Write out the lines below exactly, beginning at the one with "ステージ22で、右の木の中央右のモモ?をタップする。" and stopping after the one with "Une autre idée"; the pictures are not copied.

• [Source data]:

════════

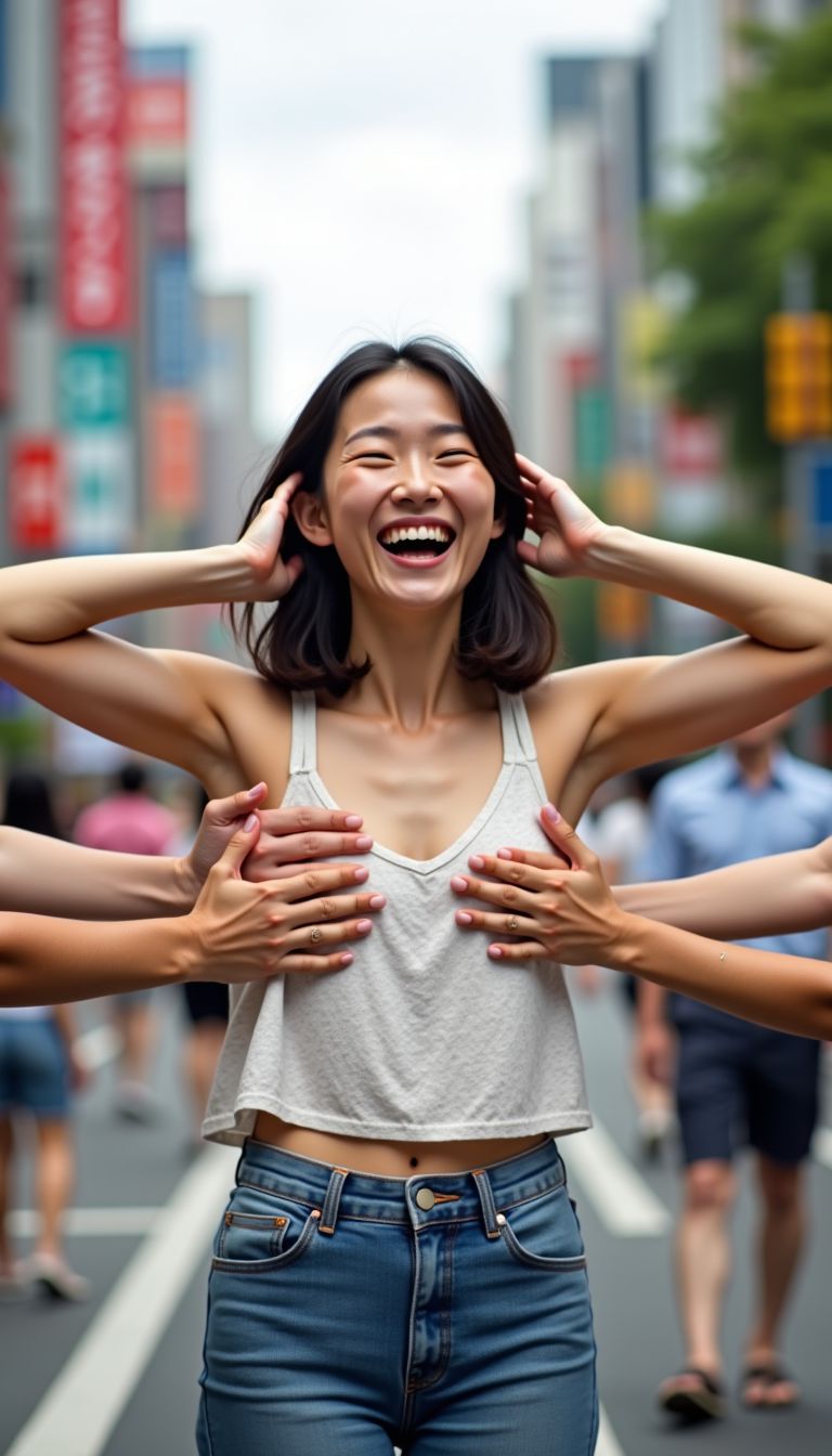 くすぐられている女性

════════

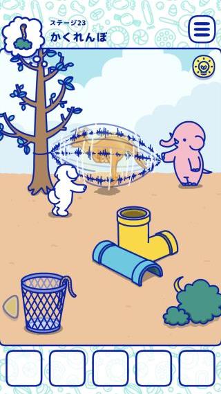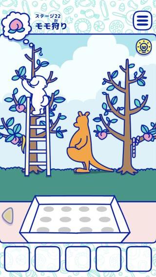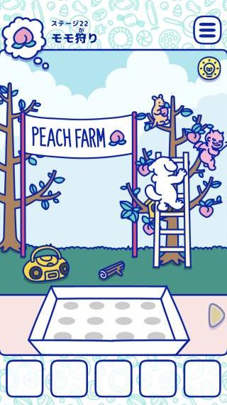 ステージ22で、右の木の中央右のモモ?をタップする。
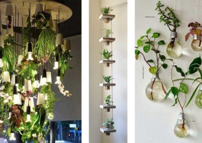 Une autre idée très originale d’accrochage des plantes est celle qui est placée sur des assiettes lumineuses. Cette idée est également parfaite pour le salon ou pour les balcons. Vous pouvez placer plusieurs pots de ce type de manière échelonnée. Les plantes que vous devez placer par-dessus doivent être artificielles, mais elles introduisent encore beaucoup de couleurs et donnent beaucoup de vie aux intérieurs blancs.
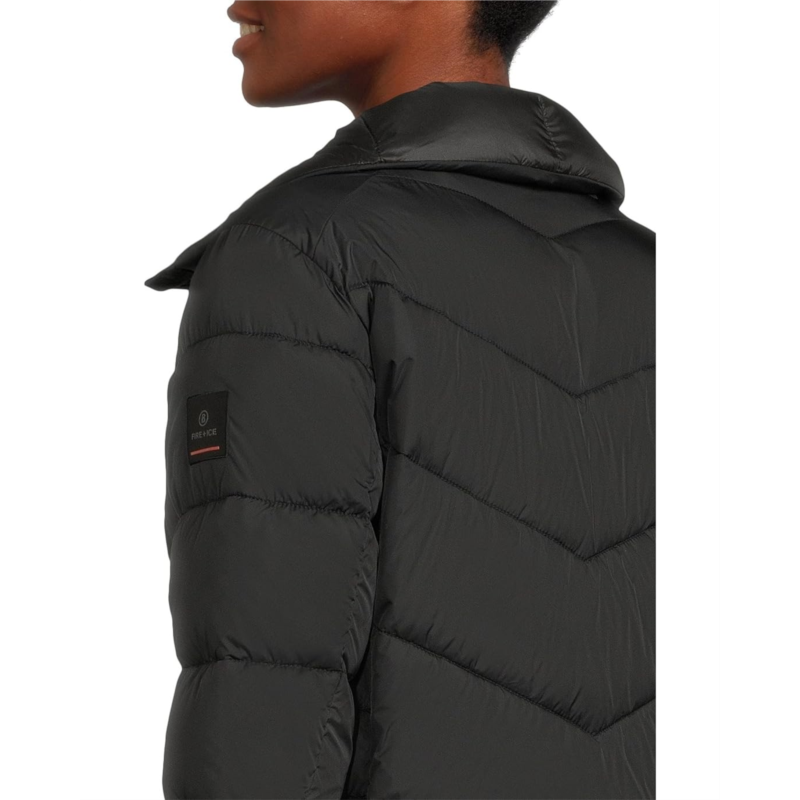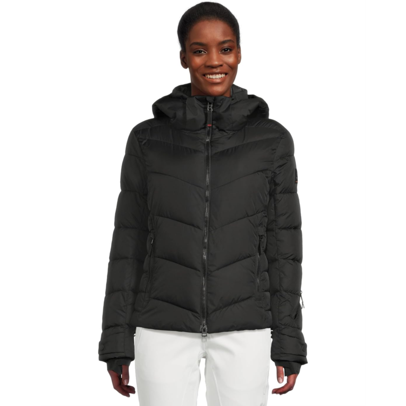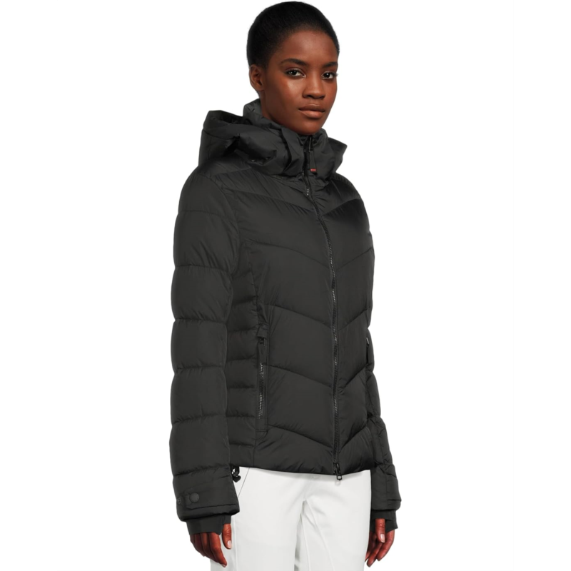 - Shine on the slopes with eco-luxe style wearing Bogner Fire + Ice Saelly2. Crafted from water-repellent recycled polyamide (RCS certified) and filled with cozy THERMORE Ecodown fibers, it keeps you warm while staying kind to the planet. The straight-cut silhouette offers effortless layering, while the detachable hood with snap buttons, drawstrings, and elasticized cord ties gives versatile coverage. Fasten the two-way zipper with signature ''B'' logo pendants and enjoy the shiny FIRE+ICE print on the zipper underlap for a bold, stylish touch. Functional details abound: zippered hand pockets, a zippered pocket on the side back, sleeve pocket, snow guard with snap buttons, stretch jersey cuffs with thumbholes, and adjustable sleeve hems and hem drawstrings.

════════

• [Response for this exercise]:
 ステージ22で、右の木の中央右のモモ?をタップする。
 Une autre idée très originale d’accrochage des plantes est celle qui est placée sur des assiettes lumineuses. Cette idée est également parfaite pour le salon ou pour les balcons. Vous pouvez placer plusieurs pots de ce type de manière échelonnée. Les plantes que vous devez placer par-dessus doivent être artificielles, mais elles introduisent encore beaucoup de couleurs et donnent beaucoup de vie aux intérieurs blancs.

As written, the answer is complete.